● Data excerpt:

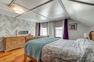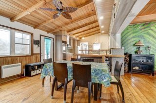 Propriété de 1 100 pi² à aire ouverte. 1 chambre, véranda pouvant servir de bureau ou 2e chambre, 1 salle de bain et 1 salle d'eau. Cuisine avec dosseret en céramique et rangement. Poêle à bois, planchers de bois sur deux étages, plafonds avec poutres apparentes. Salon avec grande fenestration. Chambre principale avec walk-in et salle d'eau attenante. Toiture en tôle, revêtement en bois, galerie couverte sur trois côtés, trois remises. Aucun voisin à l'arrière. À distance de marche du quai municipal du Lac Vert, des services du village et du sentier de l'Albatros. À seulement 35 minutes de Buckingham !
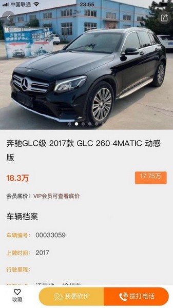 3、在车辆详情页查看价格、档案等信息,点击【我要砍价】发起砍价。
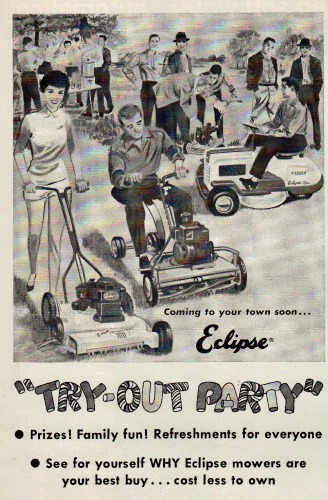 The Eclipse Lawn Mower targeted the lady of the house in one ad : “Mrs. Home Owner will appreciate the easy handling, free rolling and distinctive styling of your new Eclipse as much as the man in the family goes for it its exclusive mechanical features and trouble-free maintenance.”
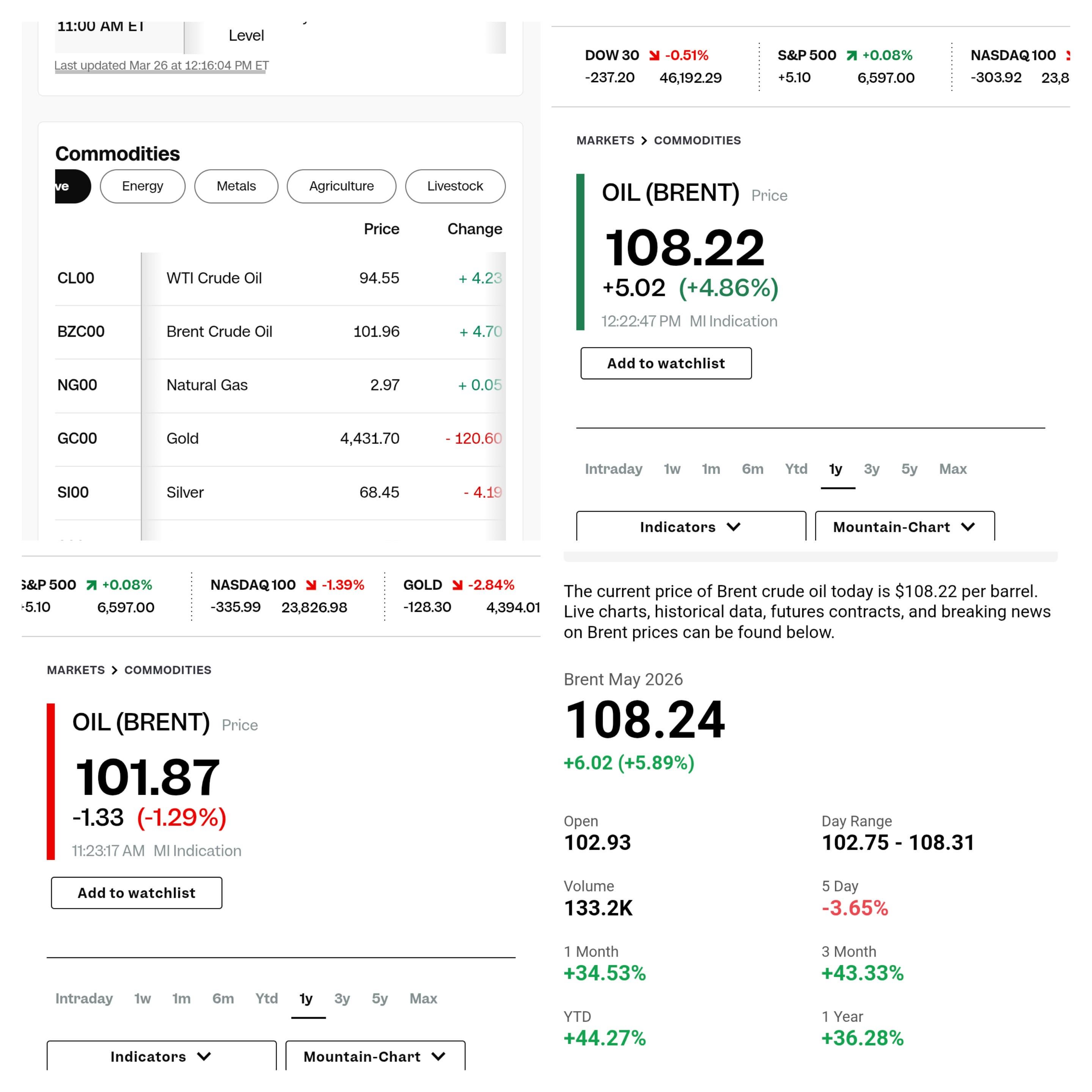 None of these are going to right. The all come from different sources and none of these are real time. The exchange websites are good but clunky. CNBCs CL1 (the front month, currently for May 1 delivery) would be more current but still delayed. I use investing.com’s app because while not perfect, it’s a better representation of the price and order flow in real time.

● Work task: Beginning with the line that contains "The Eclipse Lawn" and ending with the final line of the listing, return each line exactly. Omit all pictures.

● Result for this task:
 The Eclipse Lawn Mower targeted the lady of the house in one ad : “Mrs. Home Owner will appreciate the easy handling, free rolling and distinctive styling of your new Eclipse as much as the man in the family goes for it its exclusive mechanical features and trouble-free maintenance.”
 None of these are going to right. The all come from different sources and none of these are real time. The exchange websites are good but clunky. CNBCs CL1 (the front month, currently for May 1 delivery) would be more current but still delayed. I use investing.com’s app because while not perfect, it’s a better representation of the price and order flow in real time.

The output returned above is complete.